Record set
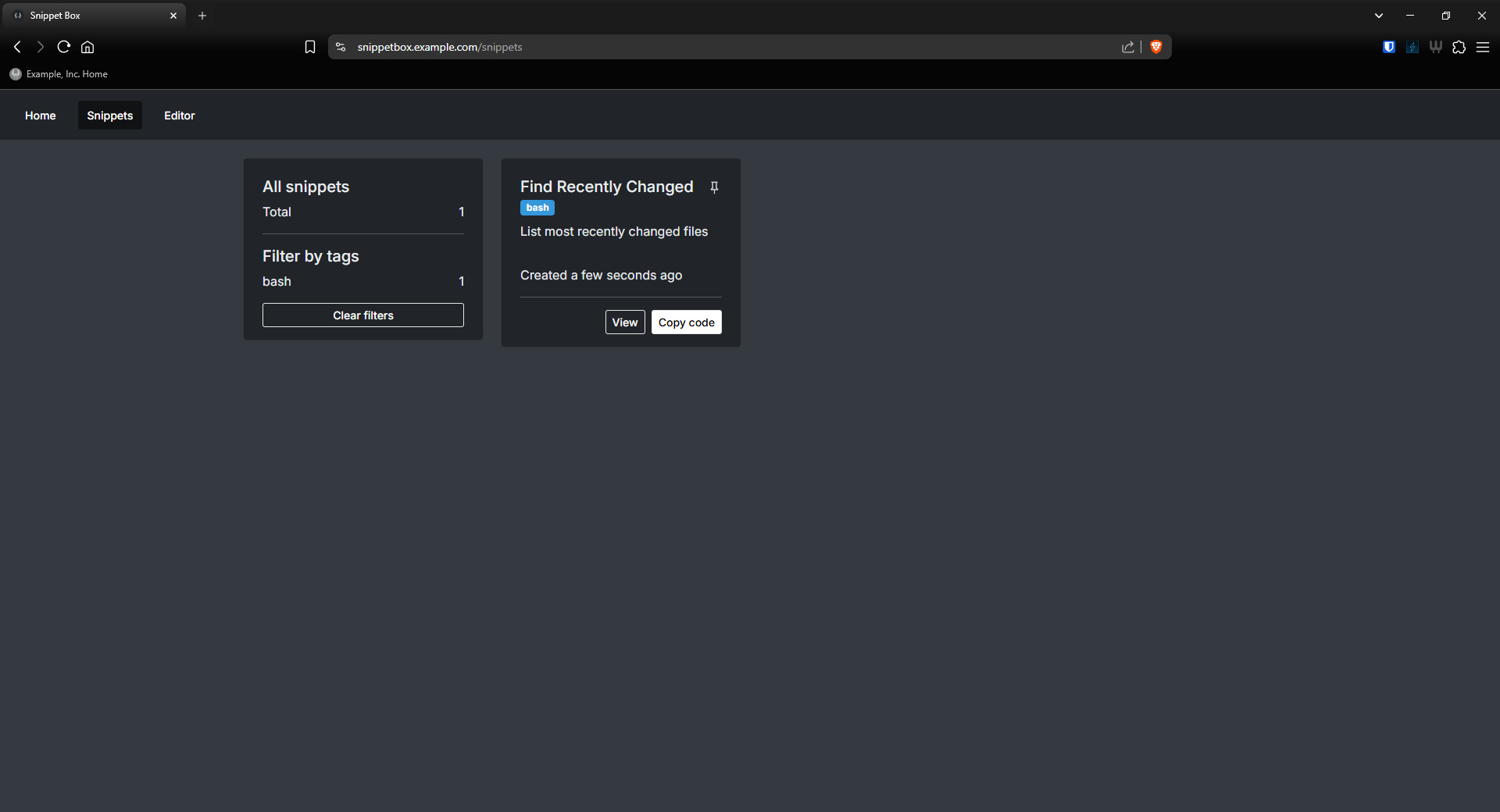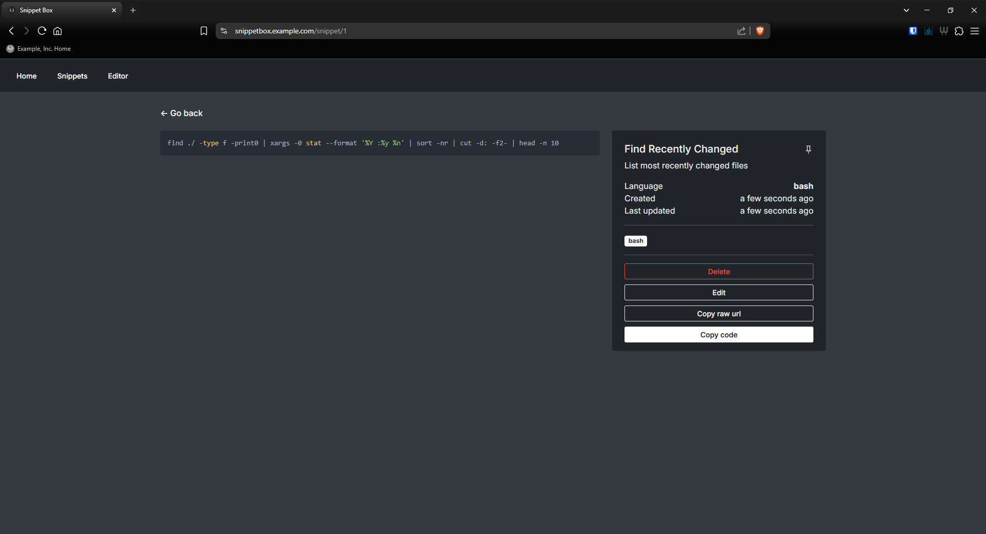 "Snippet Box is a simple self-hosted app for organizing your code snippets. It allows you to easily create, edit, browse and manage your snippets in various languages. With built-in Markdown support, Snippet Box makes it very easy to add notes or simple documentation to your code."
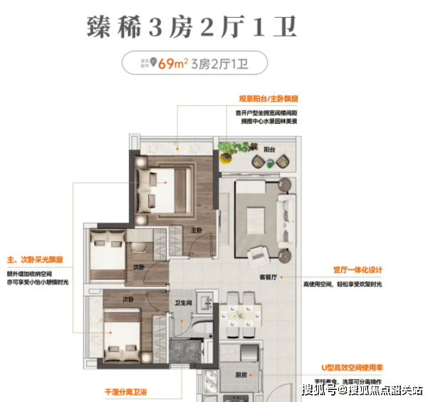 1. 建面约69㎡三房两卫:年轻刚需的“上车优选”
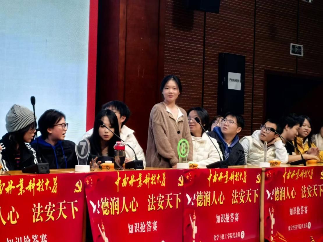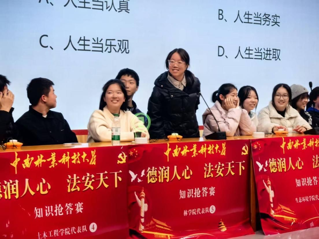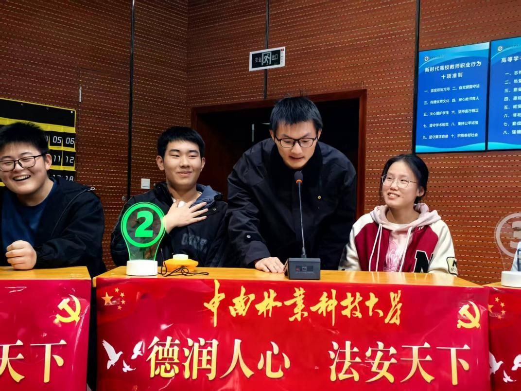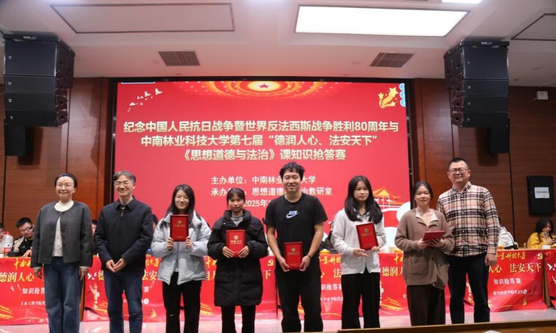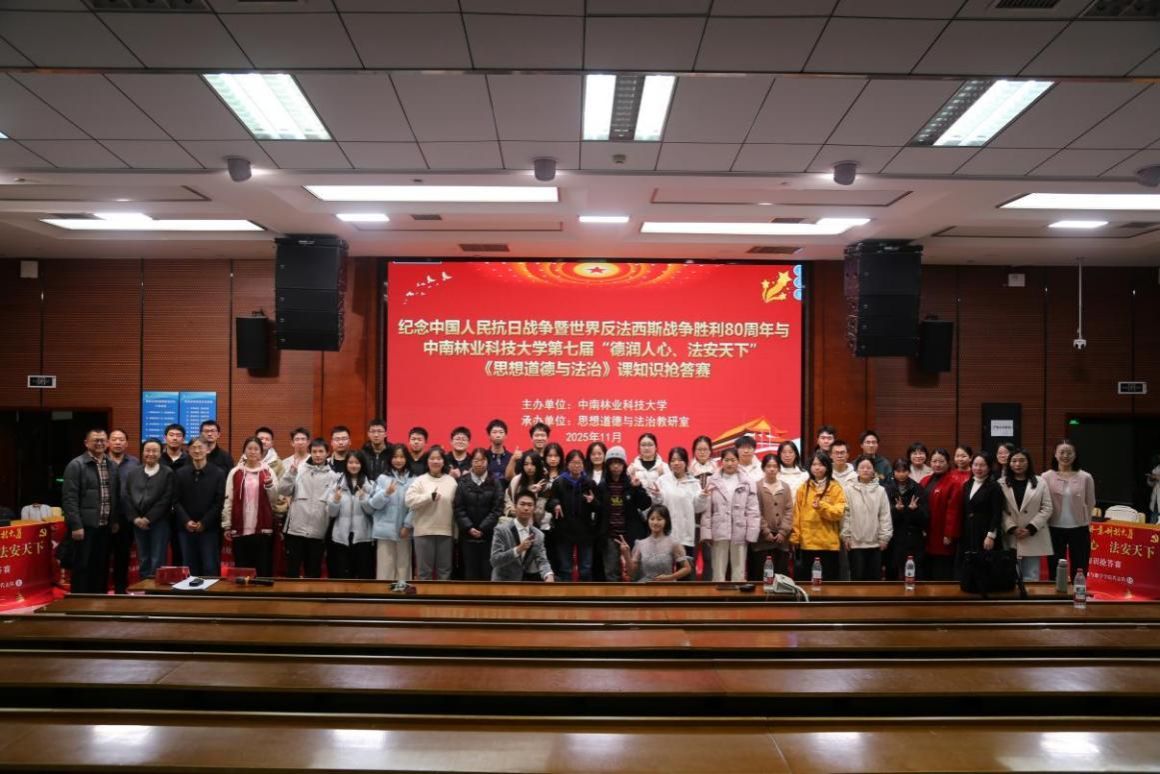 为深切缅怀革命先烈,弘扬伟大抗战精神,增强当代大学生积极参与民族复兴的责任感与使命感,11月21日晚,我校纪念中国人民抗日战争与世界反法西斯战争胜利80周年暨中南林业科技大学第七届“德润人心、法安天下”思想道德与法治课知识抢答赛在博文楼北304成功举行。本次活动旨在引导广大学生铭记历史、珍爱和平,树立正确的世界观、人生观、价值观,不断提升思想道德素质与法治素养。全校共有12个学院组队参加,近400名师生观众到场观看、参与。
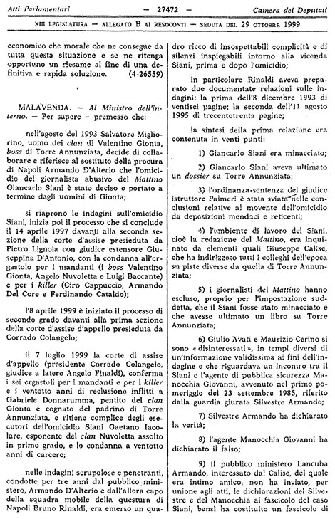 Nell’ottobre del 1999 Mara Malavenda, sindacalista Slai Cobas attiva soprattutto all’Alfa Romeo di Pomigliano d’Arco e deputata di Rifondazione Comunista, presenta una interrogazione parlamentare al ministro dell'Interno Rosa Russo Iervolino nella quale recupera per intero le conclusioni della prima relazione sulle indagini per l’omicidio di Giancarlo Siani ripartite dopo le rivelazioni del pentito Salvatore Migliorino. La relazione, datata 8 dicembre 1993, è firmata dal capo della squadra mobile di Napoli Bruno Rinaldi.
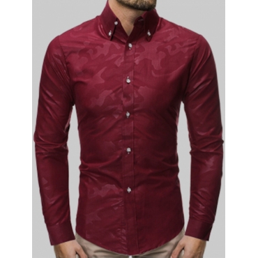 Lovely Casual Turndown Collar Print Wine Red Men Shirt
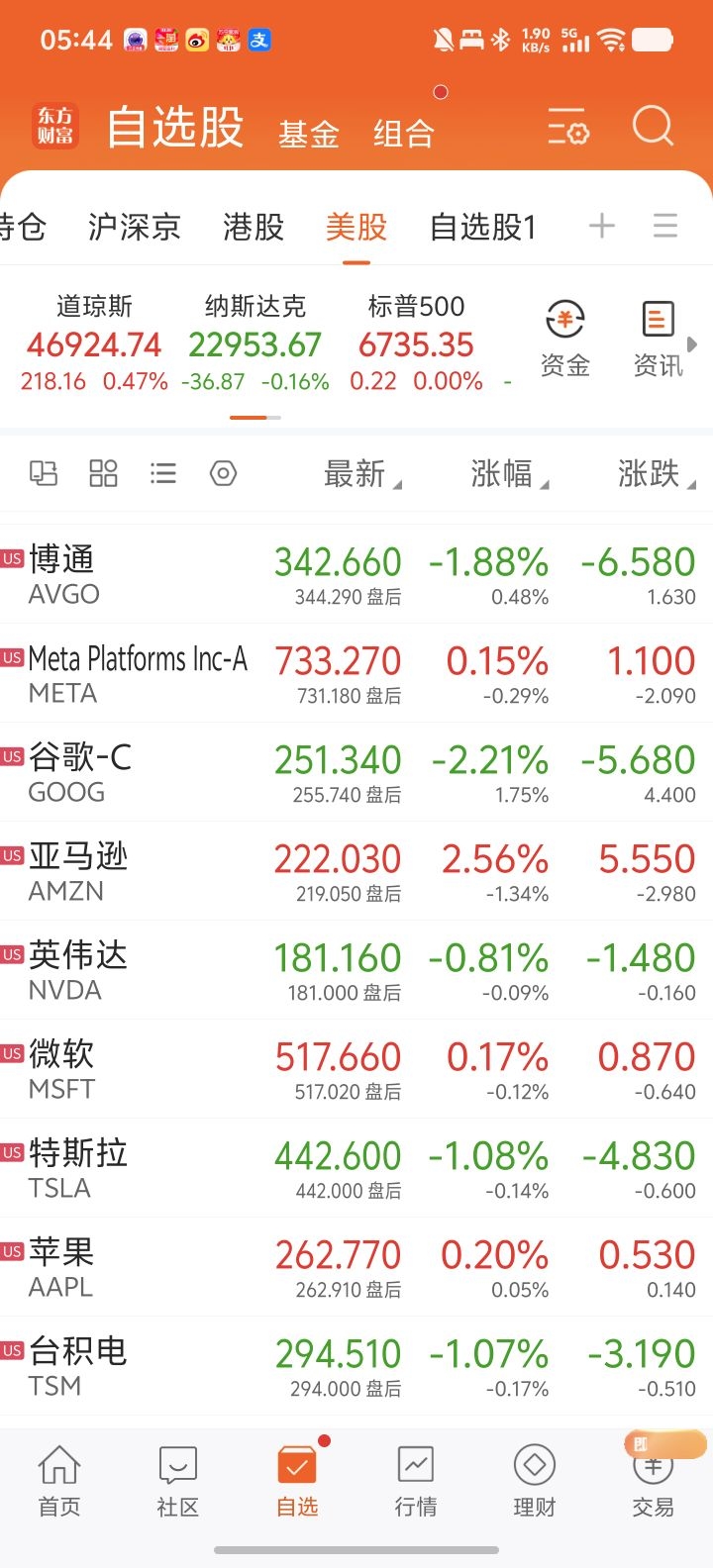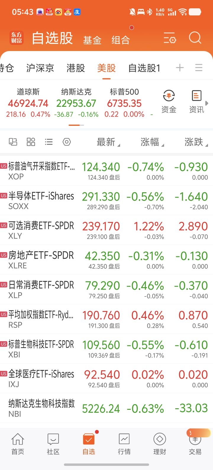 板块方面,多数收跌,黄金暴跌,消费涨的不错,其余多数收跌,大型科技股涨跌不一,除了亚马逊涨的不错,其余都很一般。
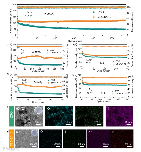 图6. ZSO和ZSO/SA-10电解质下全电池的电化学性能测试。对于Zn-MnO2电池: 分别在 (a) 1A g−1和- 10°C、(b) 1 A g−1和25°C以及 (c) 3 A g−1和50°C条件下进行循环性能测试。对于Zn-I2电池: Zn-I2电池在 (d) 1 A g−1和 25℃ 以及 (e) 1 A g−1和 60℃ 条件下的循环性能测试。(f) ZSO和 (g) ZSO/SA -10电解质在1A g−1和60°C下循环20次后的锌阳极表面的FESEM图像和相应的EDS能谱。

Problem description
Write out each entry exactly, images excluded.

Exercise answer
 "Snippet Box is a simple self-hosted app for organizing your code snippets. It allows you to easily create, edit, browse and manage your snippets in various languages. With built-in Markdown support, Snippet Box makes it very easy to add notes or simple documentation to your code."
 1. 建面约69㎡三房两卫:年轻刚需的“上车优选”
 为深切缅怀革命先烈,弘扬伟大抗战精神,增强当代大学生积极参与民族复兴的责任感与使命感,11月21日晚,我校纪念中国人民抗日战争与世界反法西斯战争胜利80周年暨中南林业科技大学第七届“德润人心、法安天下”思想道德与法治课知识抢答赛在博文楼北304成功举行。本次活动旨在引导广大学生铭记历史、珍爱和平,树立正确的世界观、人生观、价值观,不断提升思想道德素质与法治素养。全校共有12个学院组队参加,近400名师生观众到场观看、参与。
 Nell’ottobre del 1999 Mara Malavenda, sindacalista Slai Cobas attiva soprattutto all’Alfa Romeo di Pomigliano d’Arco e deputata di Rifondazione Comunista, presenta una interrogazione parlamentare al ministro dell'Interno Rosa Russo Iervolino nella quale recupera per intero le conclusioni della prima relazione sulle indagini per l’omicidio di Giancarlo Siani ripartite dopo le rivelazioni del pentito Salvatore Migliorino. La relazione, datata 8 dicembre 1993, è firmata dal capo della squadra mobile di Napoli Bruno Rinaldi.
 Lovely Casual Turndown Collar Print Wine Red Men Shirt
 板块方面,多数收跌,黄金暴跌,消费涨的不错,其余多数收跌,大型科技股涨跌不一,除了亚马逊涨的不错,其余都很一般。
 图6. ZSO和ZSO/SA-10电解质下全电池的电化学性能测试。对于Zn-MnO2电池: 分别在 (a) 1A g−1和- 10°C、(b) 1 A g−1和25°C以及 (c) 3 A g−1和50°C条件下进行循环性能测试。对于Zn-I2电池: Zn-I2电池在 (d) 1 A g−1和 25℃ 以及 (e) 1 A g−1和 60℃ 条件下的循环性能测试。(f) ZSO和 (g) ZSO/SA -10电解质在1A g−1和60°C下循环20次后的锌阳极表面的FESEM图像和相应的EDS能谱。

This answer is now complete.